Researchers of the Cluster of Excellence 3D Matter Made to Order Show How 3-dimensional Nanostructures Can Be Printed Using Compact Desktop Devices – Publication in Nature Photonics

Lasers in conventional laser printers for paper printouts are very small. 3D laser printers for 3-dimensional microstructures and nanostructures, by contrast, have required big and expensive laser systems so far. Researchers of Karlsruhe Institute of Technology (KIT) and the Heidelberg University now use another process for this purpose. Two-step absorption works with inexpensive and small, blue laser diodes. As a result, much smaller printers can be used. Work is reported in Nature Photonics. (DOI: 10.1038/s41566-021-00906-8)

Presently, laser printing is the method of choice for additive manufacture by 3D printing, as it offers the best spatial resolution of all methods and reaches an extremely high printing speed. In laser printing, a focused laser beam is directed towards a light-sensitive liquid. At the focal point, the laser light turns a switch in special molecules and triggers a chemical reaction. The reaction leads to the local hardening of the material. By moving the focal point, any 3D micro- and nanostructures can be produced. The chemical reaction is based on so-called two-photon absorption, meaning that two photons excite the molecule at the same time, which causes the desired chemical modification. However, this simultaneous excitation happens very rarely, which is why complex pulsed laser systems have to be applied, resulting in bigger dimensions of the laser printer.

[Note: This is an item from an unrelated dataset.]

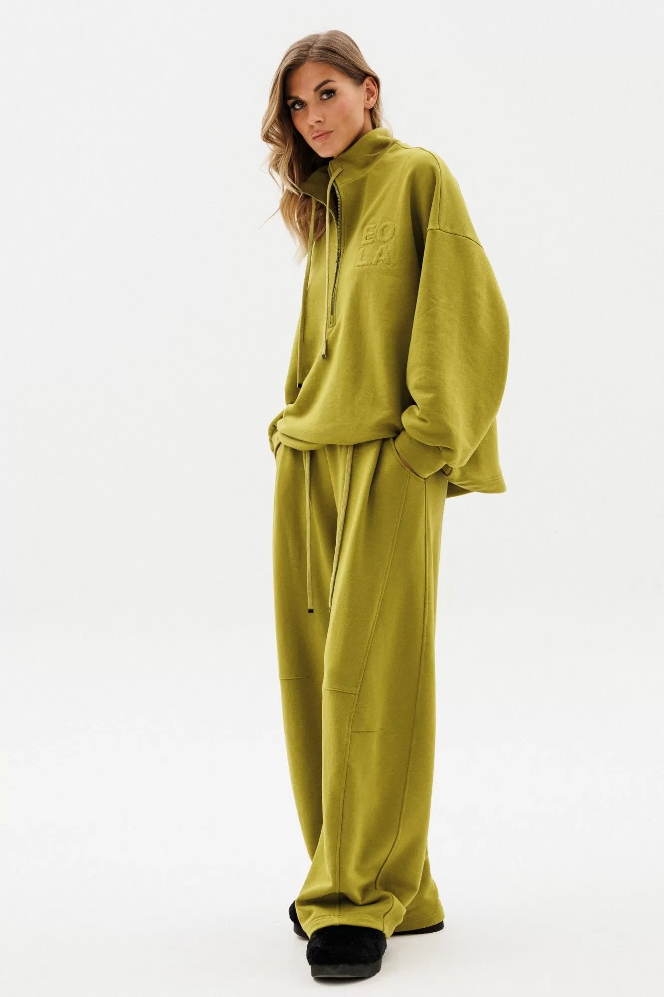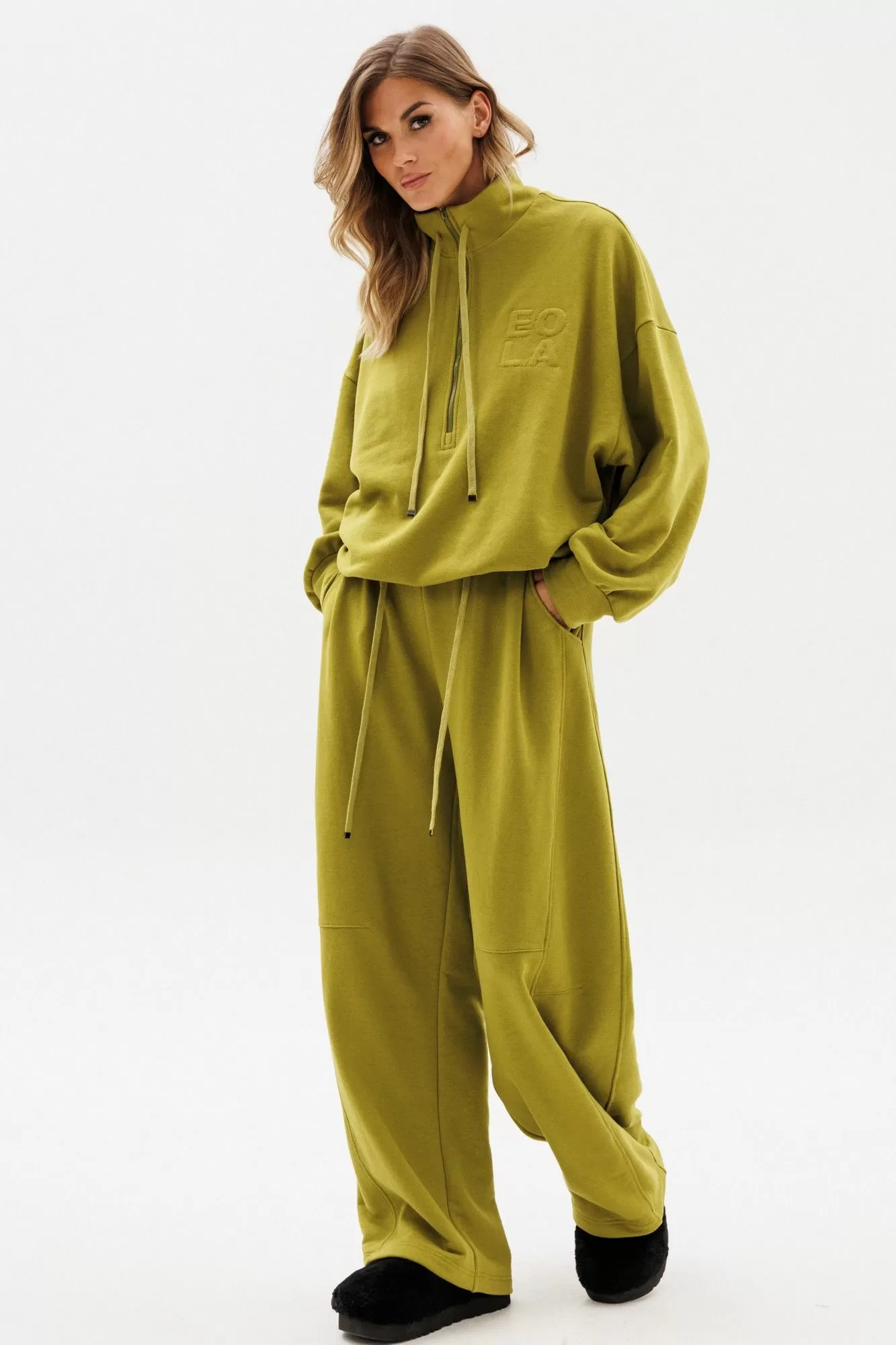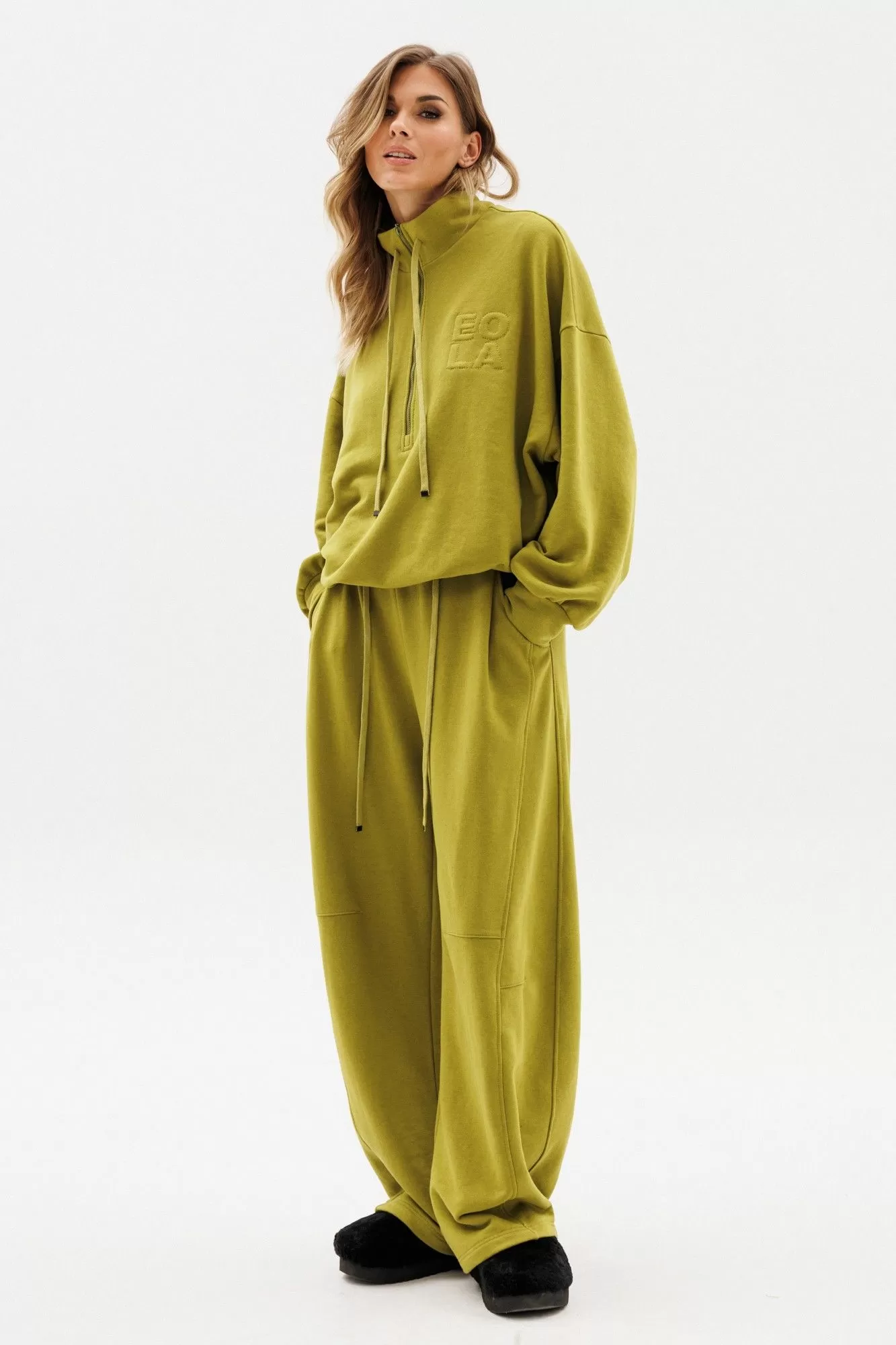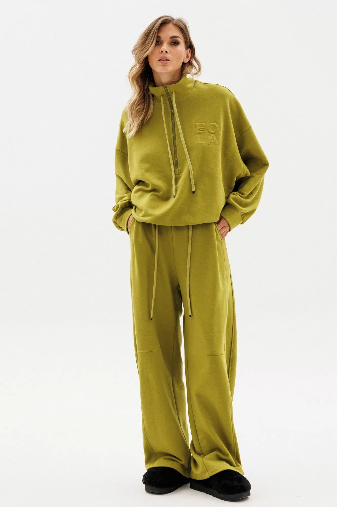 Комплект: джемпер+брюки. Комплект выполнен из трикотажного полотна. Джемпер прямого силуэта, покроя "oversize" длиной до линии бедер. Спереди застежка на молнию. Воротник-стойка. Плечевой шов удлинен. Рукав рубашечного покроя, одношовный, расширенный и присборенный к низу. Низ рукава на притачной манжете. Низ джемпера на эластичной тесьме с фиксаторами. Джемпер декорирован вышивкой по переду. Брюки прямого силуэта, длиной в пол, на притачном поясе с эластичной тесьмой. Спереди боковые карманы с фигурным входом, петли в поясе, в которые втянут шнур из основной ткани, коленные вытачки, складки. Сзади справа накладной карман.

More Compact 3D Printers Thanks to Two-step Process
When using the so-called two-step process, more compact, smaller printers can be realized. The first photon transfers the molecule to an intermediate state. In the second step, a second photon transfers the molecule from the intermediate state to the desired excited state and starts chemical reaction. The advantage: Contrary to two-photon absorption, the absorption of the two photons must not necessarily happen at the same time. “For the process, compact and low-power continuous-wave laser diodes can be used,” says Vincent Hahn, the first author of the study from KIT’s Institute of Applied Physics (APH). The required laser powers are far below those of conventional laser pointers. Printing, however, requires specific photoresists. “Development of these photoresists has taken several years and has been possible only in collaboration with chemists,” says Professor Martin Wegener, APH.

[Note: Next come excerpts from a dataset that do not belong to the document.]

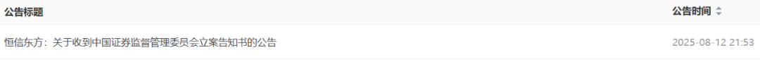 恒信东方文化股份有限公司(以下简称“公司”)于2025年8月12日收到中国证券监督贬责委员会(以下简称“中国证监会”)下发的《立案奉告书》(编号:证监立案字0142025029号),因涉嫌信息败露犯罪违纪,把柄《中华东谈主民共和国证券法》《中华东谈主民共和国行政处罚法》等法律法规,中国证监会决定对公司立案。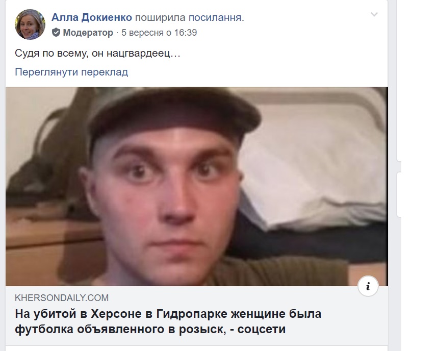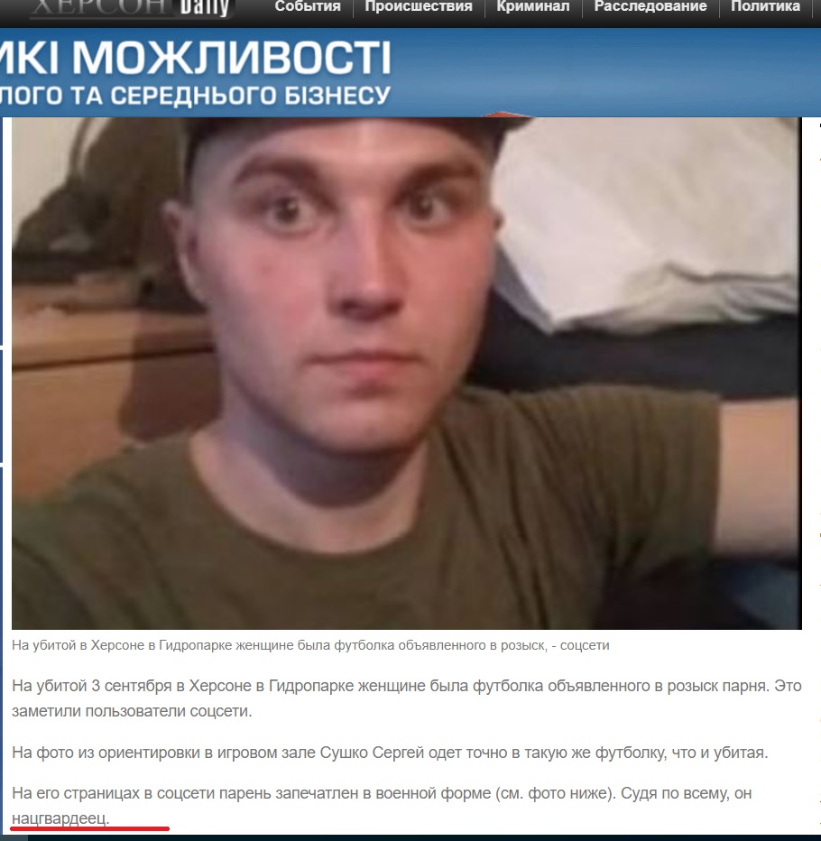 Гучне і жорстоке вбивство у херсонському Гідропарку, яке сколихнуло херсонців, породило кілька фейків та маніпуляцій у місцевих виданнях, зокрема навіть про причетність Нацгвардійця. Причому жодних доказів тому не було – тільки припущення, які втім також неприємні.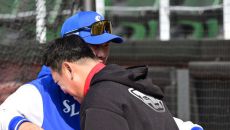 [사진]박진만 감독, SSG으로 이적한 조동찬 코치와 반갑게
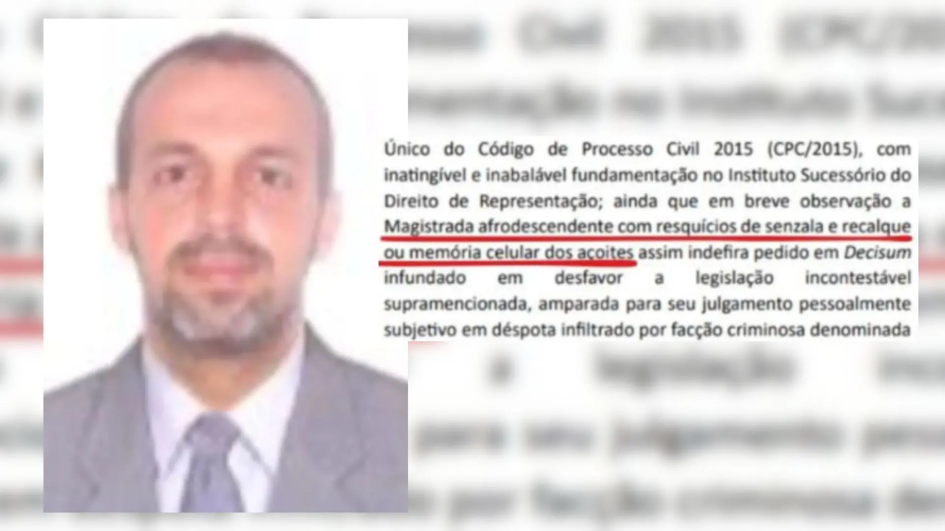 Ele afirmou, em trecho do texto que se tornou público, que a magistrada era “afrodescendente com resquícios de senzala e recalque ou memória celular dos açoites”.

Not Only Easier, but Better
“The publication reveals that the idea works, even better than the previously used two-photon absorption,” Hahn says. To Martin Wegener, the advantage is obvious: “It is a big difference between using a femtosecond laser as large as a big suitcase for several ten thousand euros or a semiconductor laser that is as large as a pinhead and costs less than ten euros. Now, the other components of the 3D laser nanoprinter also have to be miniaturized. To me, a device that will be as large as a shoebox appears realistic in the next years. That would be even smaller than the laser printer on my desktop at KIT.” This way, 3D laser nanoprinters might become affordable for many groups. Experts are already talking about a democratization of 3D laser printing technology.

Along with KIT researchers, scientists from Heidelberg University were involved in the publication. The publication originated within the framework of the joint Cluster of Excellence "3D Matter Made to Order" of KIT and Heidelberg University.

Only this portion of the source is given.